Published online May 14, 2014. doi: 10.3748/wjg.v20.i18.5427
Revised: November 20, 2013
Accepted: January 14, 2014
Published online: May 14, 2014
At least 600000 individuals worldwide annually die of hepatitis B virus (HBV)-related diseases, such as chronic hepatitis B (CHB), liver cirrhosis (LC), and hepatocellular carcinoma (HCC). Many viral factors, such as viral load, genotype, and specific viral mutations, are known to affect disease progression. HBV reverse transcriptase does not have a proofreading function, therefore, many HBV genotypes, sub-genotypes, mutants, and recombinants emerge. Differences between genotypes in response to antiviral treatment have been determined. To date, 10 HBV genotypes, scattered across different geographical regions, have been identified. For example, genotype A has a tendency for chronicity, whereas viral mutations are frequently encountered in genotype C. Both chronicity and mutation frequency are common in genotype D. LC and progression to HCC are more commonly encountered with genotypes C and D than the other genotypes. Pathogenic differences between HBV genotypes explain disease intensity, progression to LC, and HCC. In conclusion, genotype determination in CHB infection is important in estimating disease progression and planning optimal antiviral treatment.
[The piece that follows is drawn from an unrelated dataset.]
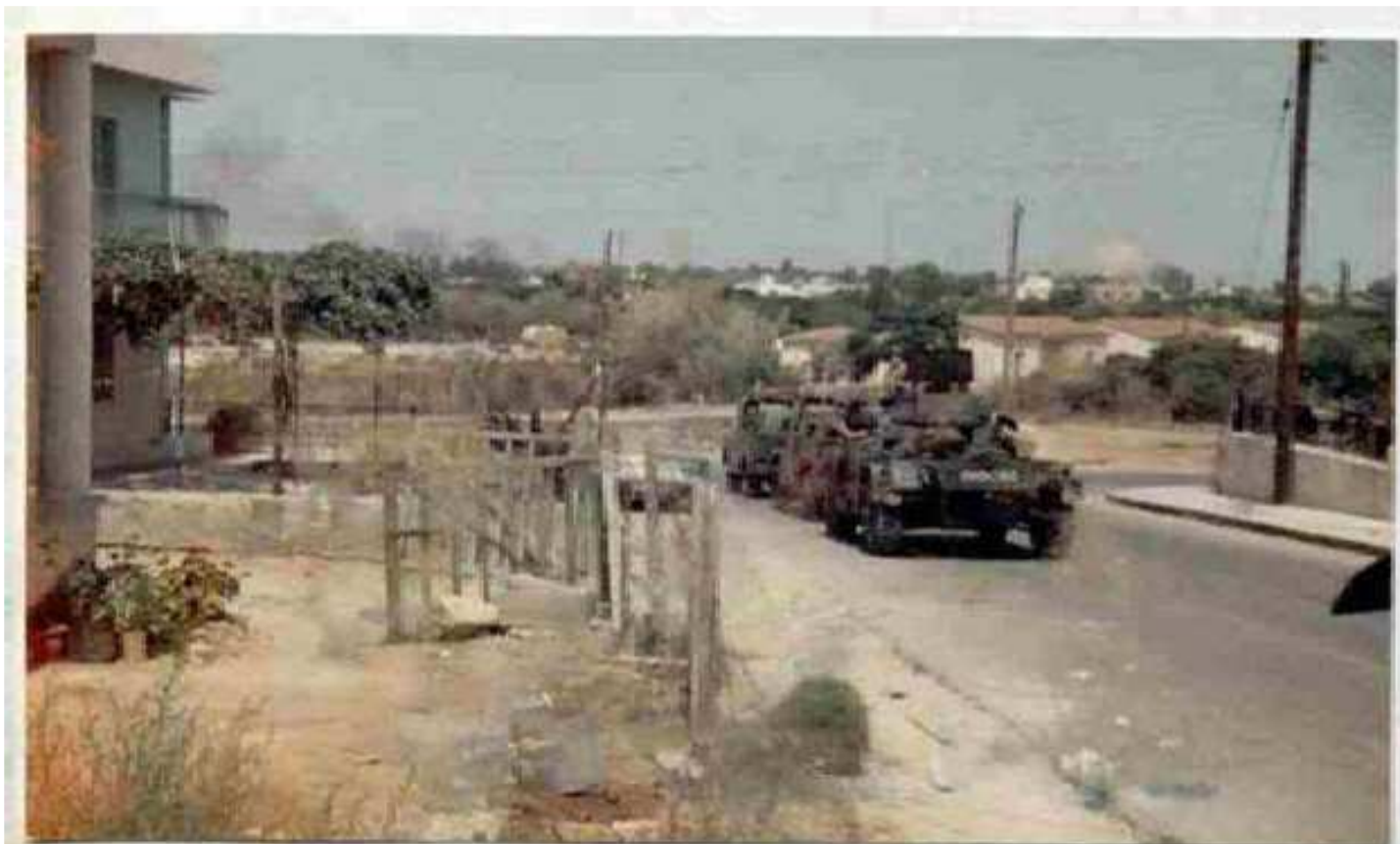
EVACUATING SERVICE FAMILIES

Core tip: Hepatitis B virus (HBV) infection is the leading cause of chronic liver disease and death worldwide. The clinical course and consequences of HBV infection are affected by several factors such as viral load, mutation, host, environment, and viral genotypes. Different HBV genotypes are associated with different mutations in the HBV precore and core promoter gene regions. HBV genotypes are closely related with optimal treatment strategy for chronic hepatitis B patients and clinical outcomes.